§ What is needed:
Pictures should be left out while the data beneath this task is written out word for word.

§ Raw data:
Content starts

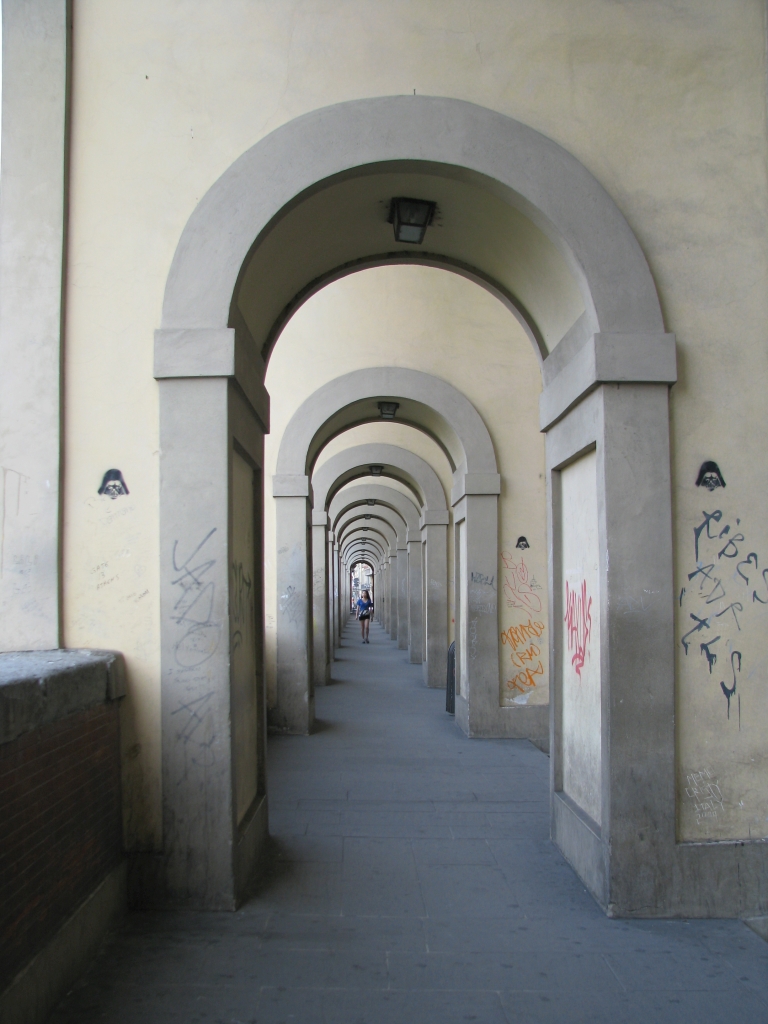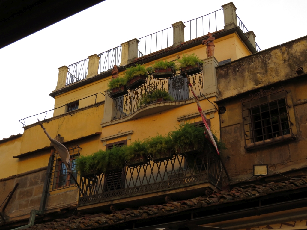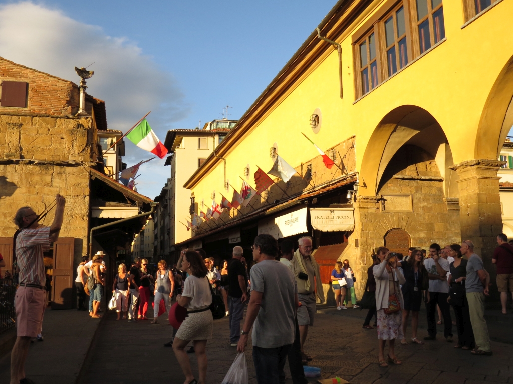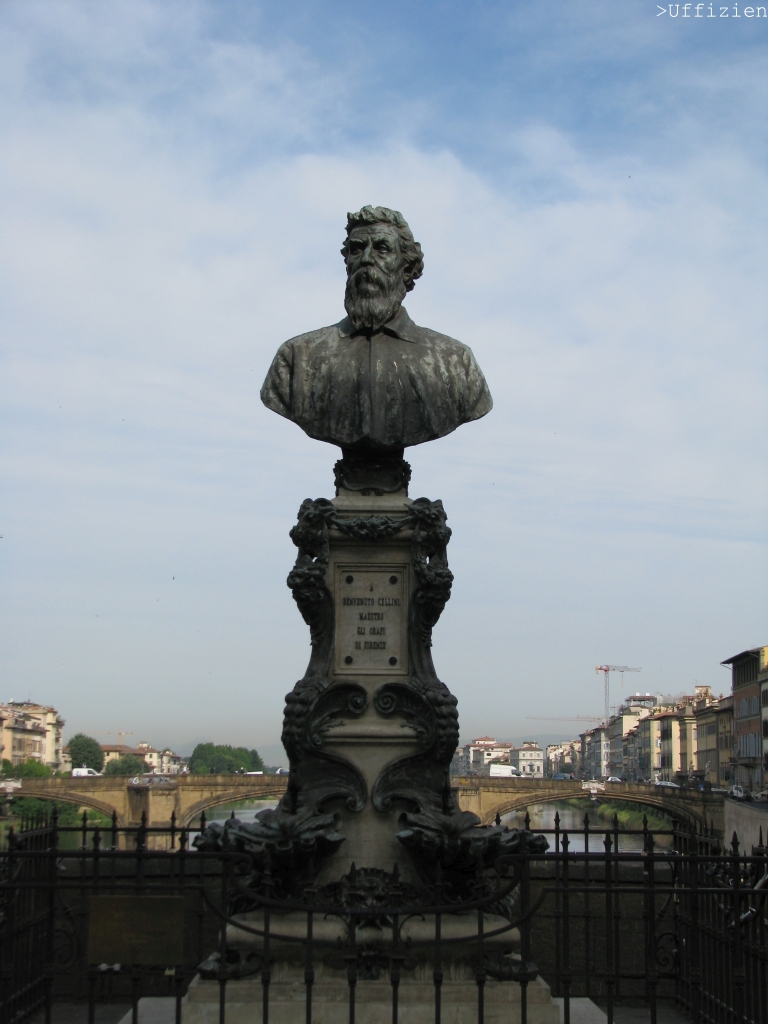Ursprünglich waren auf der Brücke hauptsächlich Schlachter und Gerber ansässig. Die Schlachter warfen ihre stinkenden Abfälle in den Arno und die Gerber wuschen ihre Stoffe aus. Unter Cosimo dem I. wurde dies jedoch per Dekret verboten und durch Goldschmiede ersetzt, da diese keinen Abfall produzieren. Heute befinden sich zahlreiche Juweliere in den kleinen Läden auf der Brücke, leider keine Goldschmiede mehr. Dafür steht in der Mitte mit Blick über den Arno eine Büste von Benvenuto Cellini. Goldschmied und Bildhauer und der Verfasser der Traktate der Goldschmiedekunst. Ein wichtiges Nachschlagewerk auch für mich.
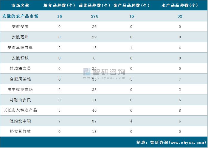 2022113日安徽農產品批發市場品類詳情統計表
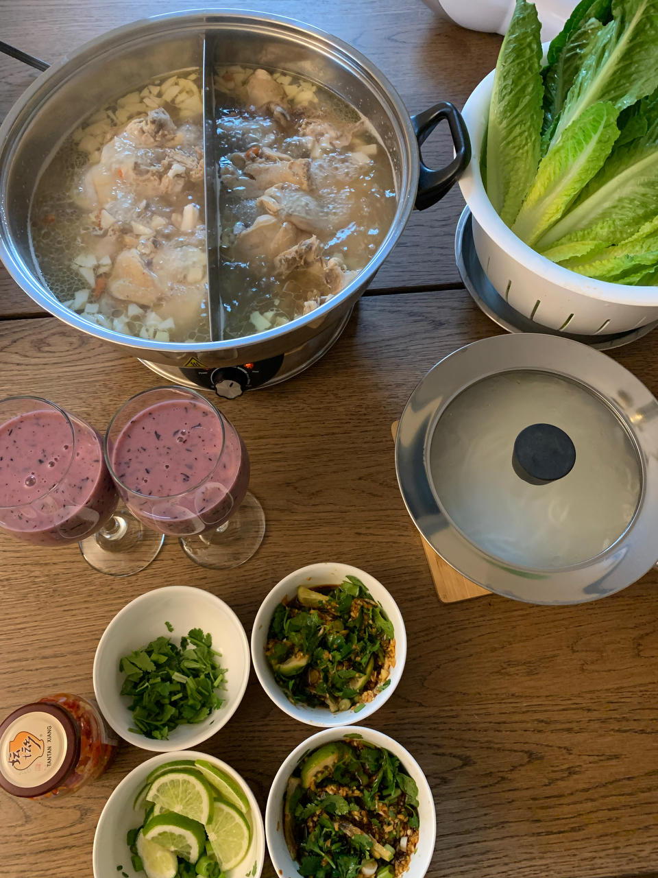 Ivyswius 做过 海南椰子鸡 椰子鸡火锅整鸡去掉鸡胸肉的部分,四盒330ml的coconut water, Whole Foods 买的椰子肉,家里只剩枸杞了。蘸料用另一个方子做的,很好吃!还煮了米线,味道很好!剩下的鸡汤第二顿还可以再煮一次米线,加点红油辣椒就是一碗鸡汤米线,好吃! 2022-05-16

Content ends

§ Answer to this problem:
Ursprünglich waren auf der Brücke hauptsächlich Schlachter und Gerber ansässig. Die Schlachter warfen ihre stinkenden Abfälle in den Arno und die Gerber wuschen ihre Stoffe aus. Unter Cosimo dem I. wurde dies jedoch per Dekret verboten und durch Goldschmiede ersetzt, da diese keinen Abfall produzieren. Heute befinden sich zahlreiche Juweliere in den kleinen Läden auf der Brücke, leider keine Goldschmiede mehr. Dafür steht in der Mitte mit Blick über den Arno eine Büste von Benvenuto Cellini. Goldschmied und Bildhauer und der Verfasser der Traktate der Goldschmiedekunst. Ein wichtiges Nachschlagewerk auch für mich.
 2022113日安徽農產品批發市場品類詳情統計表
 Ivyswius 做过 海南椰子鸡 椰子鸡火锅整鸡去掉鸡胸肉的部分,四盒330ml的coconut water, Whole Foods 买的椰子肉,家里只剩枸杞了。蘸料用另一个方子做的,很好吃!还煮了米线,味道很好!剩下的鸡汤第二顿还可以再煮一次米线,加点红油辣椒就是一碗鸡汤米线,好吃! 2022-05-16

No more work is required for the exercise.